Ethics ordinance introduced by council; will be discussed

Applicants before local boards must disclose political donations


The Monroe Township Council introduced an ethics ordinance June 4 to replace the one deemed unconstitutional by a Superior Court judge last April.

After repealing the original ordinance, which was deemed too broad in scope by Judge James Hurley, the council voted unanimously to introduce the new ordinance, modeled after a template from the Citizens’ Campaign, a nonpartisan offshoot of the national group Common Cause.

“They felt that theirs would stand up,” Mayor Richard Pucci said of the new ordinance. “Hopefully, this is a start.”

The new ordinance has several changes, but still upholds a requirement for political contribution disclosures on the part of applicants going before township boards.

The disclosure requirement that encompassed political contributions at the county, state and national level has been changed to require only disclosures on contributions that pertain to Monroe Township.

Instead of the initial regulation that required applicants to disclose contributions from two years prior, the new ordinance carries a requirement of one year.

Penalties for a knowing failure to disclose contributions were set at a $2,000 fine, and/or the remanding of an application back to the board in question. While the new ordinance does not carry penalties for failing to disclose, it makes contribution disclosures a requirement before an application can be heard.

“None of our ordinances carry penalties, but they’ve been adopted in more than 30 towns [in New Jersey],” Heather Taylor of Citizens’ Campaign said.

The ordinance was struck down after Greenridge Estates developers filed suit against the township, claiming its requirements violated their rights under the state and federal constitutions.

Along with the court decision that the ordinance violated First Amendment rights of freedom of association because it would require applicants to reveal their political affiliations, Hurley also raised the issue of an applicant being treated unfavorably by board members who held opposing political views.

Hurley also pointed out in the ruling that only two members of the planning and zoning boards are elected officials, making the disclosure of political contributions something of a moot point. In addition, he stated that the requirements of the ordinance could have a chilling effect on political contributions.

After the April 17 ruling, Township Attorney Joel Shain said he recommended an appeal in the courts. At the council meeting, however, Pucci said officials decided the best course of action would be to maintain as many components of the original regulations as possible, and incorporate them into a new ordinance, as Hurley did not strike all sections of it.

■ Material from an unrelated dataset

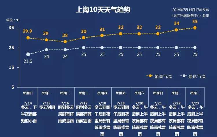 气温方面,下周本市最高气温稳步增高,从下周三起可能“3”字头要持续一周,进入7月下旬后或向高温线发起挑战。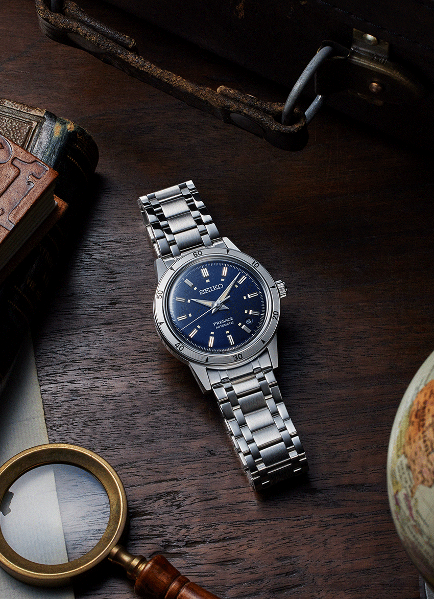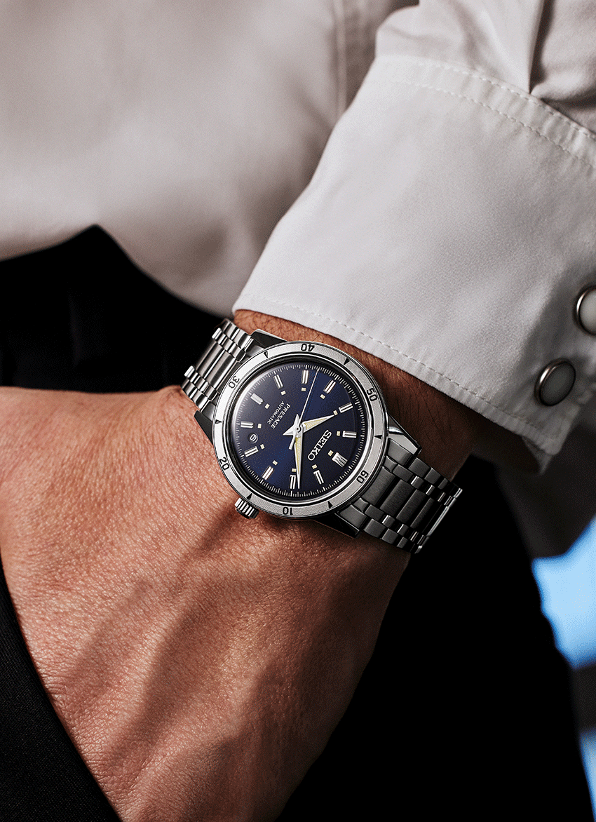 A Presage Style 60’s sorozata azokat a hatvanas éveket idézi fel, amelyekre sokan oly szívesen gondolunk, ha az óraipar és a Seiko történelméről esik szó. Az SRPL07J1 modell, tengerkék számlapjával jól hozza a sorozatban megismert hangulatot. Úgy lett modernebb, hogy közben mit sem változott a megjelenése, csak a részletek finomodtak, és néhány adat változott. Kisebb lett a tok, a korábbi modellek 40.8 mm-es mérete helyett immár 39.5 mm az átmérője, ez jól illeszkedik az óraiparban évek óta látható óvatos “downsizing” sorba, a korábbi folyamatos méret növekedés helyett most újra fordult a trend, ezúttal a csökkenést látjuk. A számlapon felfedezhetünk egy érdekességet, az eddigi, 3 óránál elhelyezett és fém kerettel ellátott dátumablak helyett a komplikáció 4 és 5 óra közé költözött, a szerkezet azonban változatlanul a jól ismert 4R35 mechanikus automata kaliber.

“I know a lot of time went into that, with the fine committee we put together,” Pucci said at the meeting.

After facing allegations of acting in a conflict of interest with regard to his consulting work for a political action committee, Pucci formed an ethics panel in 2006 as a means of creating stricter standards for township officials.

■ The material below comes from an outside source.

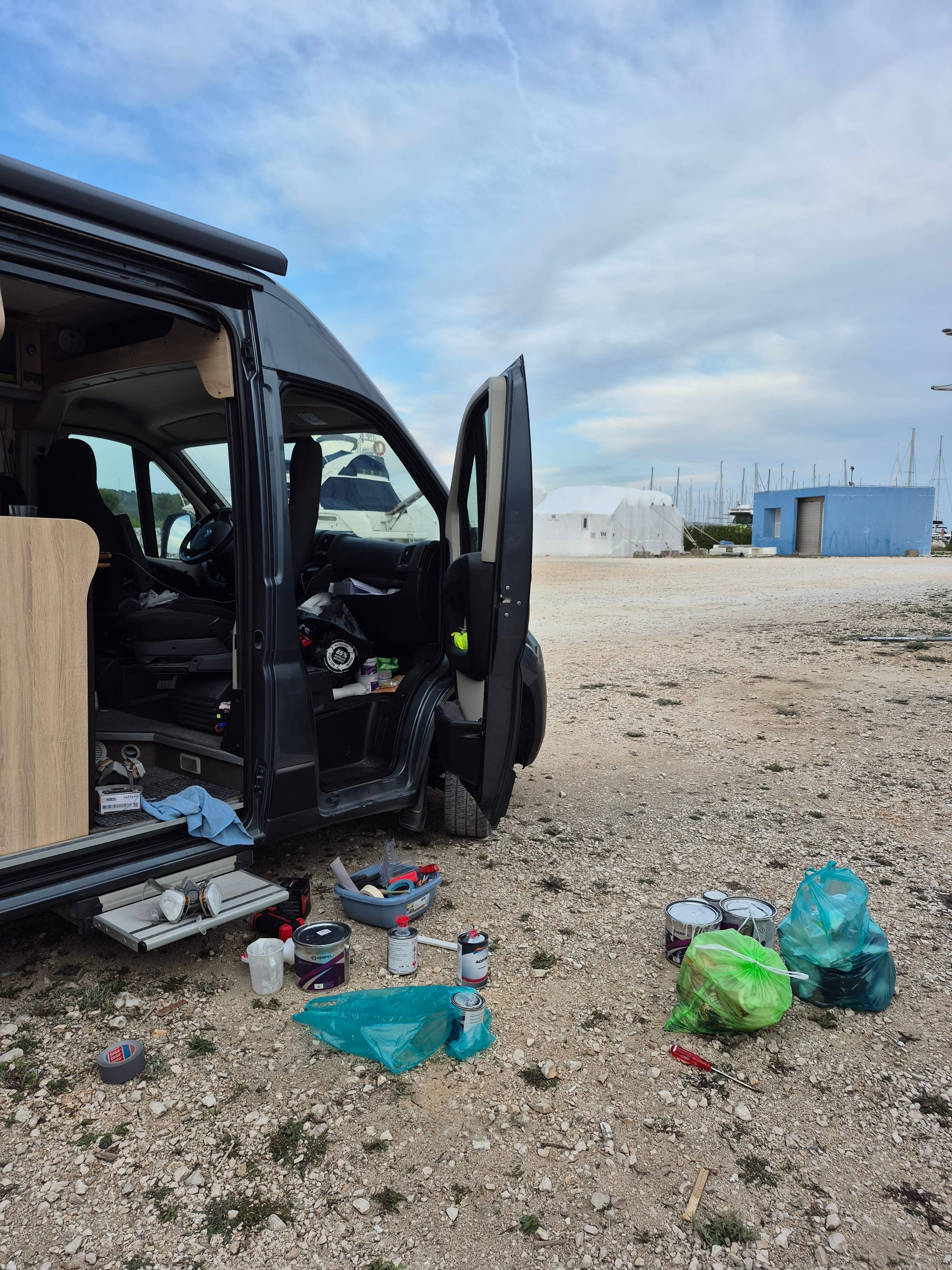 Um 12:00 starten wir mit dem Streichen. Ich verliere das Zeitgefühl und will gar nicht nachschauen wie lange wir streichen um die Motivation nicht zu verlieren. Plötzlich bin ich froh, dass wir ein kleines Schiff haben.

The panel worked to create seven ordinances addressing pay to play and other potential conflicts, which the council adopted last year.

“They considered ours a model of the strictest throughout the state of New Jersey,” Pucci said.

According to Taylor, the newly introduced ordinance comes with a “proven track record.” It was upheld by courts after being challenged in Hoboken, she said.

Taylor will be on hand to answer questions at the July 7 council meeting, when a public hearing will take place on the matter.